Abstract

This study investigates the extrusion foaming behavior of high impact polystyrene (HIPS) through a twin-screw extruder using two various types of chemical blowing agents (CBA). The die temperature profile was firstly tailored during the foaming of HIPS for two different CBAs. Then the CBA content effect on the foaming behavior of HIPS was verified for both CBAs. The effect of screw speed (RPM) on the foaming behavior of HIPS was, subsequently, illustrated for both CBAs. It was found that the cell density and the void fraction of the HIPS foamed samples increased at the maximum CBA content of 5 wt% and the minimum screw RPM of 100. The HIPS extrusion foaming behavior was further investigated via blending it with general purpose PS (GPPS) at the blending ratios (wt%/wt%) of 75/25 and 50/50, as well as, via compounding HIPS with three different inorganic fillers (i.e., micro-lamellar talc, talc, and calcium carbonate) at three different contents (i.e., 1, 2, and 3 wt %). The increase in GPPS and inorganic filler contents increased the cell density and void fraction of HIPS foams while the inorganic filler type did not reveal much differences in the foaming results.

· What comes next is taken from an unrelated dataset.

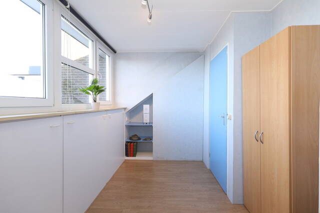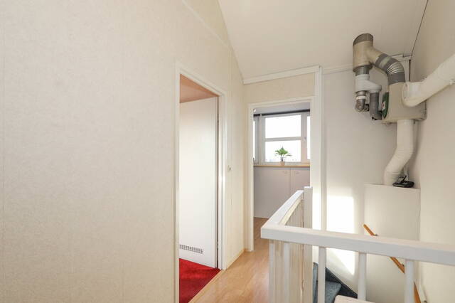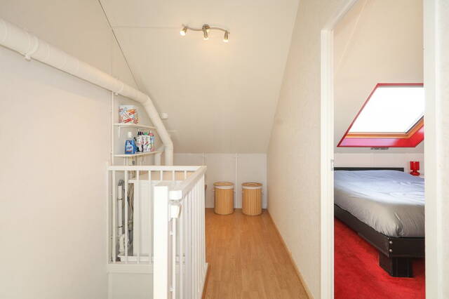 Op deze verdieping bevinden zich nog twee ruime slaapkamers met aan de achterkant een dakkapel over de gehele breedte van de woning voor heerlijk veel lichtinval. Op de vloer ligt een laminaat vloer. De opstelling voor cv-ketel (Remeha 2016) bevindt zich netjes weggewerkt in een hoek. Verder bevindt zich hier de aansluiting voor wasmachine en droger en de mechanische ventilatie. Tot slot treft u op deze verdieping veel bergruimte achter de knieschotten aan beide zijden van de woning en op een (kleine) vliering in de nok.

Keywords: HIPS; Extrusion; Foaming; Chemical Blowing Agent.

Introduction

Polystyrene (PS) is an amorphous thermoplastic with a glass transition temperature around 100°C and is widely being used in commodity applications due to its low-cost and reasonable physical and mechanical properties [1]. Among the PS products, the use of PS foams is also of a great interest in variety of commodity applications, such as packaging, cushioning, construction, and food application. This is due to the reduced weight and cost benefit of the foamed samples while not high mechanical properties are expected in most of the noted applications. PS foams are currently being manufactured in various structures such as extruded PS sheets (XPS), expanded bead foams (EPS), and three-dimensional complex geometries via such manufacturing technologies as extrusion foaming, bead foaming, and foam injection molding, respectively [2].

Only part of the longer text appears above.